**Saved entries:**
#####
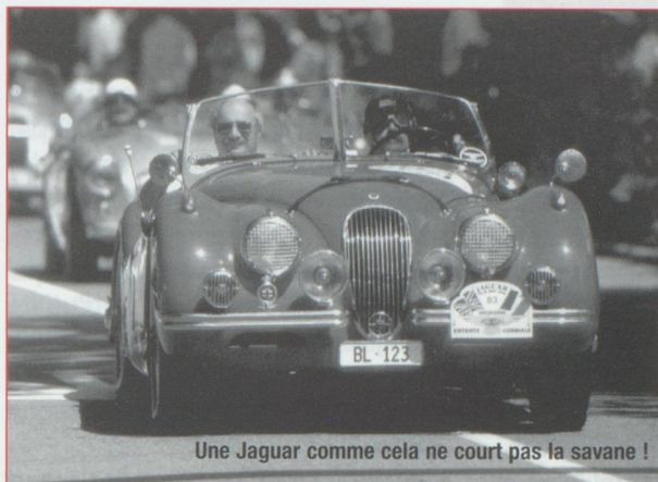
Une Jaguar comme cela ne court pas la savane !

La capitale fédérale accueille le week-end des 23 et 24 juin le Grand Prix Bern Revival 2001. L'occasion pour tous les spectateurs d'admirer de superbes voitures de courses et motos historiques. Organisé en 1998, le premier Revival avait attiré près de 50 000 curieux et passionnés. Cette année, un plateau spécial composé de Jaguar constituera la
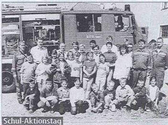
Schul-Aktionstag Ein großes Erlebnis war die Feuerwehrübung für die Volksschüler und Kindergartenkinder in St. Oswald.
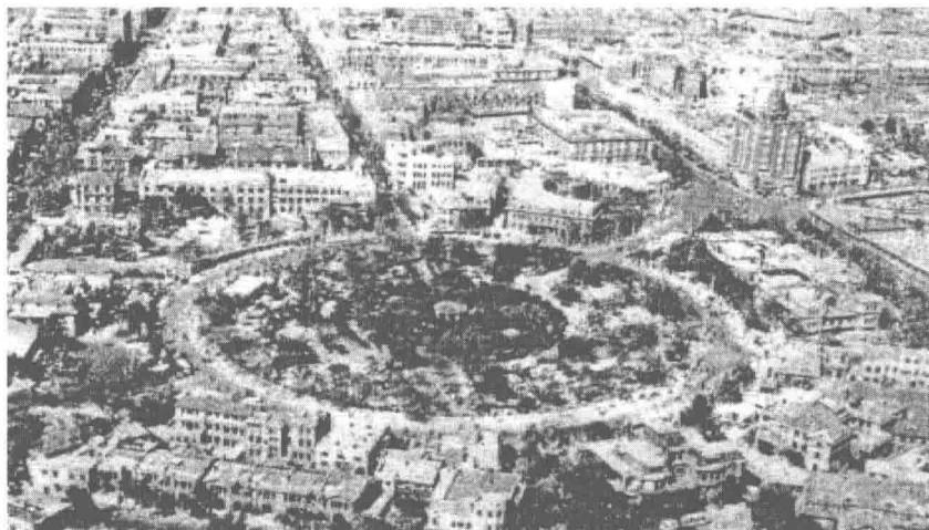
图 1-4 居民地

人类集聚定居的地区叫居民地（图 1-4）。居民地按其性质与人口数量的多少分为城市、集镇、村庄。城市通常是某一地区政治、经济和文化中心，也是当地交通枢纽。人口众多、建筑高大密集而坚固，建筑设施较多，交通方便。集镇相对城市而言，范围较小、人口较少、建筑不如城市高大坚固密集，地下建筑设施较少，交通较城市便利。村庄是较小的居民地，人口不多，房屋矮小，多平房院落。
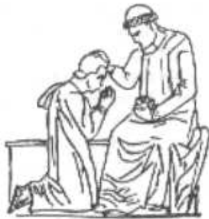
Confesión (Giotto). Catedral de Florencia.

vo, la imposición de manos quedó reducida a una mera elevación por parte del sacerdote.
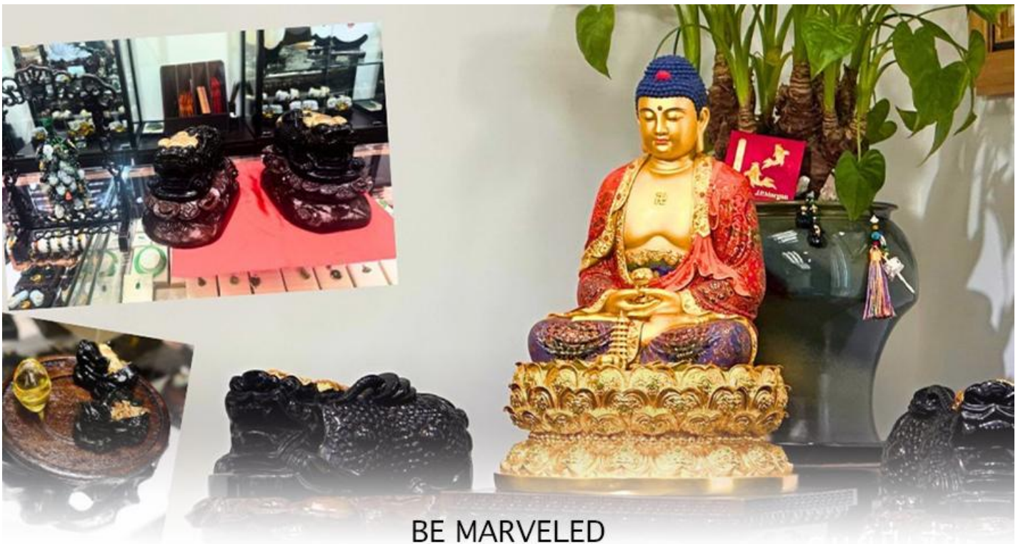
BE MARVELED ศูนยี่ปี่เซี๊ยะ

นำท่านชม ศูนยี่ปี่เซี๊ยะ ซึ่งคนจีนนี้ ถือว่าหยกเป็นหิน ที่เป็นตัวแทนของความสวยงามและความบริสุทธิ์มีความเชื่อว่า หยก มงคล ถ้าพกติดตัวไว้จะอายุยืนและสุขภาพดีมีสินค้ำมากมายเกี่ยวกับหยก อาทิ กำไลหยก หรือสัตว์นำโชคอย่างปี่ เซี๊ยะ ให้ ท่าน ได้เลือกซื้อเป็นของฝาก, ของที่ระลึก หรือของนำโชคแต่ตัวท่านเอง
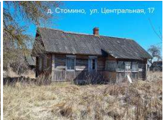
д. Стомино, ул. Центральная, 17
#####
**The task:** Repeat the lines exactly as they stand, from the opening line of the data through the line with "นำท่านชม ศูนยี่ปี่เซี๊ยะ ซึ่งคนจีนนี้". Pictures stay out of the copy.

**Result below:**
Une Jaguar comme cela ne court pas la savane !

La capitale fédérale accueille le week-end des 23 et 24 juin le Grand Prix Bern Revival 2001. L'occasion pour tous les spectateurs d'admirer de superbes voitures de courses et motos historiques. Organisé en 1998, le premier Revival avait attiré près de 50 000 curieux et passionnés. Cette année, un plateau spécial composé de Jaguar constituera la
Schul-Aktionstag Ein großes Erlebnis war die Feuerwehrübung für die Volksschüler und Kindergartenkinder in St. Oswald.
图 1-4 居民地

人类集聚定居的地区叫居民地（图 1-4）。居民地按其性质与人口数量的多少分为城市、集镇、村庄。城市通常是某一地区政治、经济和文化中心，也是当地交通枢纽。人口众多、建筑高大密集而坚固，建筑设施较多，交通方便。集镇相对城市而言，范围较小、人口较少、建筑不如城市高大坚固密集，地下建筑设施较少，交通较城市便利。村庄是较小的居民地，人口不多，房屋矮小，多平房院落。
Confesión (Giotto). Catedral de Florencia.

vo, la imposición de manos quedó reducida a una mera elevación por parte del sacerdote.
BE MARVELED ศูนยี่ปี่เซี๊ยะ

นำท่านชม ศูนยี่ปี่เซี๊ยะ ซึ่งคนจีนนี้ ถือว่าหยกเป็นหิน ที่เป็นตัวแทนของความสวยงามและความบริสุทธิ์มีความเชื่อว่า หยก มงคล ถ้าพกติดตัวไว้จะอายุยืนและสุขภาพดีมีสินค้ำมากมายเกี่ยวกับหยก อาทิ กำไลหยก หรือสัตว์นำโชคอย่างปี่ เซี๊ยะ ให้ ท่าน ได้เลือกซื้อเป็นของฝาก, ของที่ระลึก หรือของนำโชคแต่ตัวท่านเอง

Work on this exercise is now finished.